• Activity: Nothing but the lines from the one containing "Standard Features: Vandal" through the last line of the records belongs in the answer, copied exactly and with the pictures left out.

● ● ● ● ● ● ●

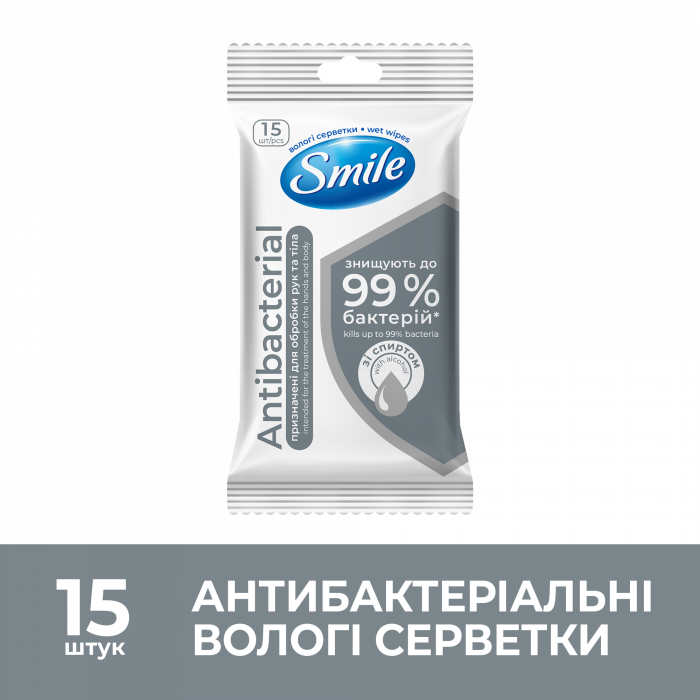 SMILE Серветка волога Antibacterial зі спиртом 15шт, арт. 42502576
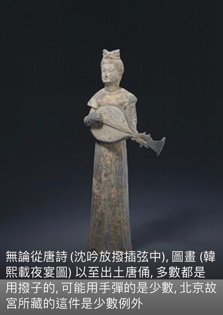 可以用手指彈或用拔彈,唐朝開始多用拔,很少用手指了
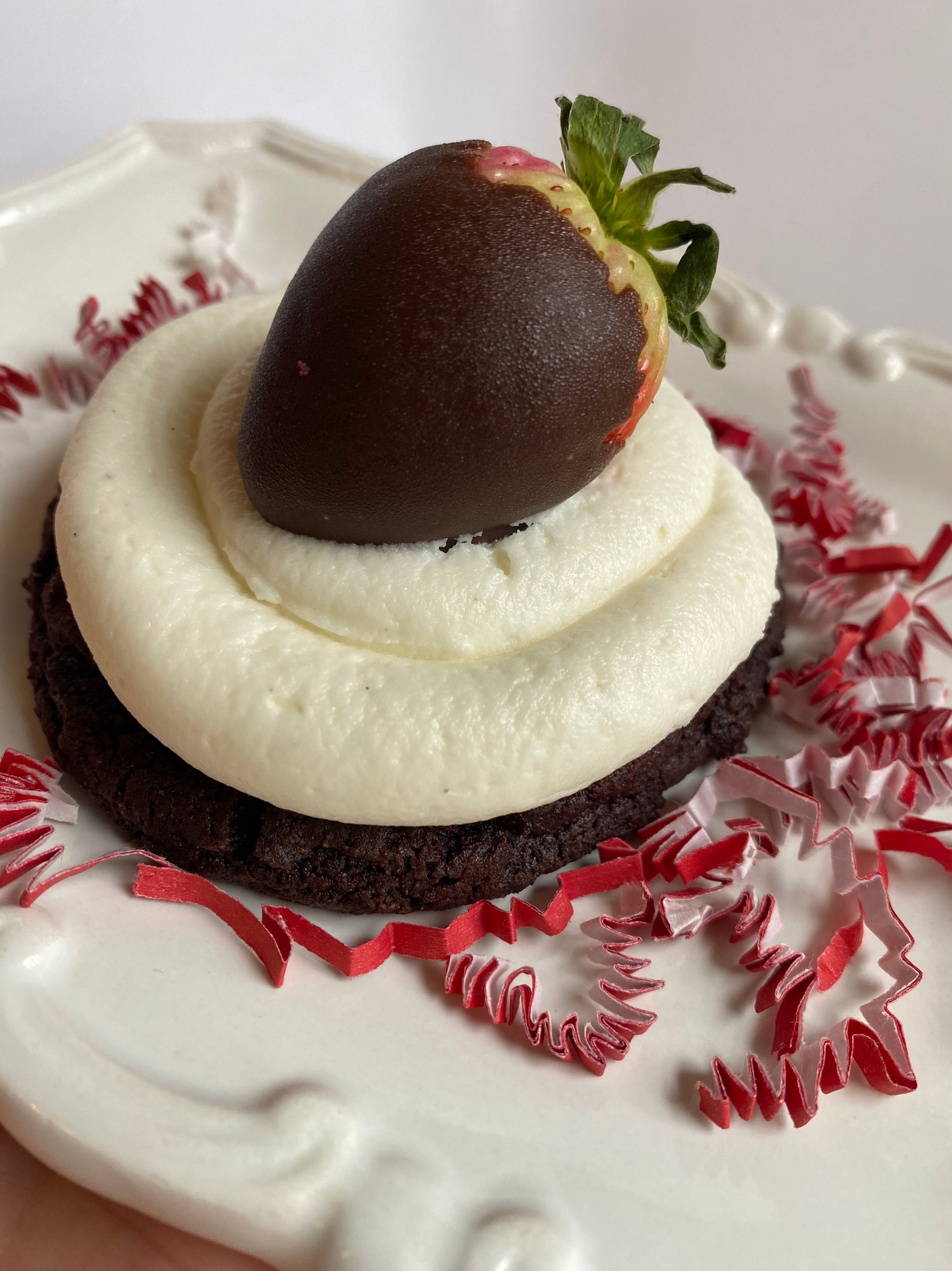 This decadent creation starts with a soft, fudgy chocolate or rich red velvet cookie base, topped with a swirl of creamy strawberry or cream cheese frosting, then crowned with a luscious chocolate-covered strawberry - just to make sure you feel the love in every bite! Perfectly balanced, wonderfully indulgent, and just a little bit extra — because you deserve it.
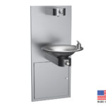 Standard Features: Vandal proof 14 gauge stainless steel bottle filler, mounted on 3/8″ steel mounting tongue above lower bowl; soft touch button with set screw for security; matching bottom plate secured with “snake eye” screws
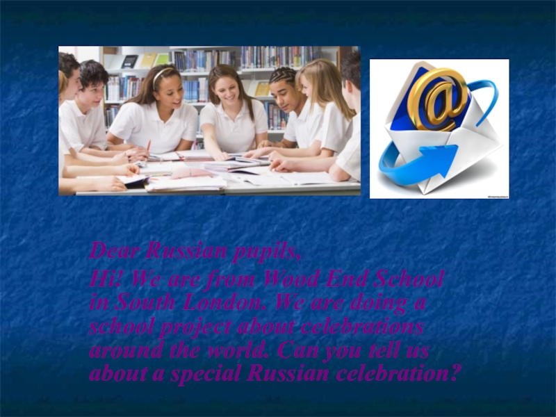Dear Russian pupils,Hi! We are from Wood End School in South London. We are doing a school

● ● ● ● ● ● ●

• Finished task:
 Standard Features: Vandal proof 14 gauge stainless steel bottle filler, mounted on 3/8″ steel mounting tongue above lower bowl; soft touch button with set screw for security; matching bottom plate secured with “snake eye” screws
Dear Russian pupils,Hi! We are from Wood End School in South London. We are doing a school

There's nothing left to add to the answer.